Can LED face masks transform your skin – here’s what the experts say

The LED market is set to be worth £600m globally by 2032 – which is nearly double what airflow technology like the Dyson Airwrap will be worth at the same point.

According to consultant dermatologist Dr Jonathan Kentley, LED technology works by causing the skin to absorb light energy, which then triggers cellular changes in a process known as photobiomodulation (PBM).

“This allows new blood vessels and skin cells to be formed, along with more collagen and elastin,” he tells the BBC.

“PBM has also been used to treat acne as it has anti-inflammatory effects and reduces the amount of oil in the skin,” he adds.

A recent comprehensive study of PBM stated that more clinical trials on humans need to take place to fully understand how it actually works.

US space agency Nasa first began studying the effect of LEDs in the 1990s to see if it could help in cell regeneration.

Since then, medical-grade devices have been used by dermatologists “for many years”, according to Dr Kentley.

But at-home masks have only been on the retail market for about five years and cost a fraction of the medical devices.

The main differences between medical devices and High Street masks are the strength of the LEDs, the number of bulbs on the device and how close they sit to the skin’s surface when being used.

LED therapy masks are ‘visually interesting’

Dr Justine Kluk, who runs her own dermatology clinic and specialises in treating acne, believes that while at-home masks “sound promising”, mask wholesale manufacturers are “speculating” about their benefits.

“I don’t believe anyone has run clinical trials of the LED mask at home to see if it is the same dose as a device you would use in a clinic or hospital,” she tells the BBC.

“No-one is testing these devices in big enough sample sizes for long enough periods of time for us to feel really confident.

“So I believe the benefits from using one of these masks is probably very modest,” she adds.

Skincare makes up nearly half of all global sales in the beauty industry – and is set to continue to grow more than the likes of haircare, make-up and fragrance in the next year.

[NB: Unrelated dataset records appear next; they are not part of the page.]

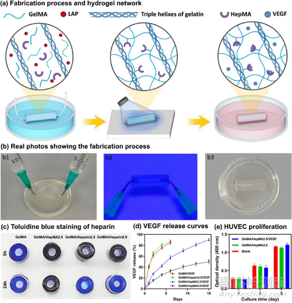 圖2:GelMA/HepMA/VEGF水凝膠支架的制備和表征:(a)GelMA/HepMA/VEGF水凝膠支架的制備流程及水凝膠網(wǎng)絡(luò)結(jié)構(gòu)示意圖;(b)制造過程中的實(shí)物照片;(c)水凝膠支架中肝素的甲苯胺藍(lán)染色;(d)水凝膠支架中的VEGF釋放行為;(e)內(nèi)皮細(xì)胞在水凝膠表面的增殖。
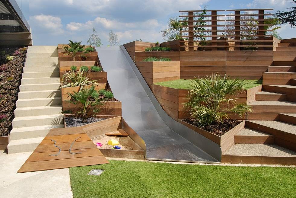 Сейчас в продаже довольно много разных комплексов для дачной детской площадки, и их сильная сторона не только в компактности, но и в модульности: можно постепенно подкупать новые элементы, площадка будет расти вместе с детьми и совершенствоваться под их потребности. В самую простую комплектацию таких комплексов входят горка, качели, песочница и скамейка. Но можно купить целые лабиринты с тоннелями, веревочными лестницами, горками, сетками, мостиками. Подросткам можно купить такие же модульные спортивные площадки.
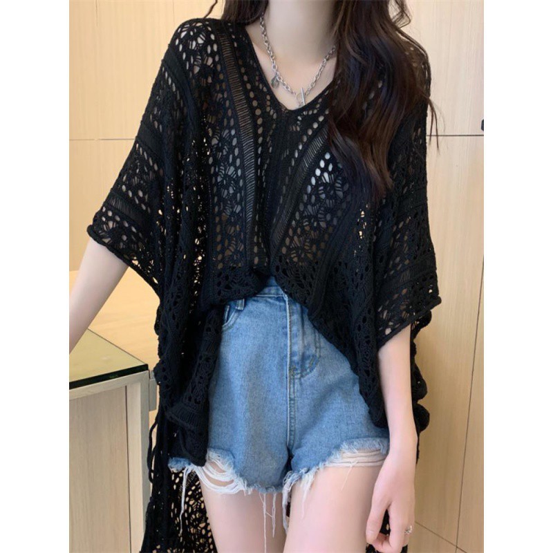 V-neck openwork short-sleeved sweater women's thin spring design niche unique chic loose blouse top
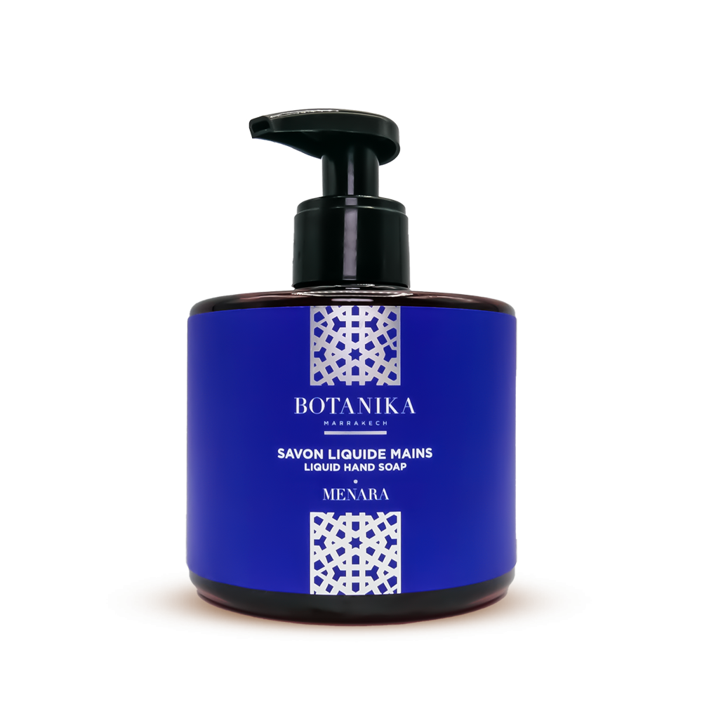 Pour des mains propres et nettes, le savon liquide mains Menara de la gamme Botanika Marrakech à base d'extrait de feuilles d'arganier et d'extrait de camomille, purifie vos mains et les parfume délicatement tout en respectant l'équilibre naturel de votre peau.
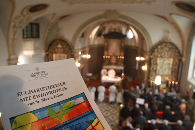 Dem Festgottesdienst stand Dr. Franz Haringer, Ordensreferent des Bistums Passau, vor. In seiner Predigt zum Osterevangelium, bei dem Maria von Magdala vom Auferstandenen beim Namen genannt wird (Joh 20,17), zog der Ordensreferent die Parallele zu Sr. Maria: „Wer immer ein Leben in der engeren Nachfolge Christi führen möchte – so wie heute Sr. Maria –, der hat bestimmt solche kostbaren Momente erlebt: Mein Suchen geht nicht ins Leere; ich bin gerufen mit Haut und Haaren, mit meinem Namen; nichts ist mehr wie vorher, wenn ich einmal erahnt habe, dass das Leben und die Liebe Jesu Steine sprengen kann und so immer aufs Neue Aufbrüche ermöglicht.“

This is being boosted by Generation Z (those born between 1995 and 2009) and even Generation Alpha (born 2010 to now) whose skincare fascination is said to be fuelled by social media trends.

Dr Kluk says she has noticed “that people’s interest in at-home skin care and treatments has increased hugely since Covid” and believes the “visually interesting” element of the at-home LED mask makes it such an eye-catching product to sell online.

“People sitting watching TV wearing a red LED mask increases people’s curiosity.

“Every other consultation I’ve had for the last six months, has involved people asking me about LED masks,” she adds.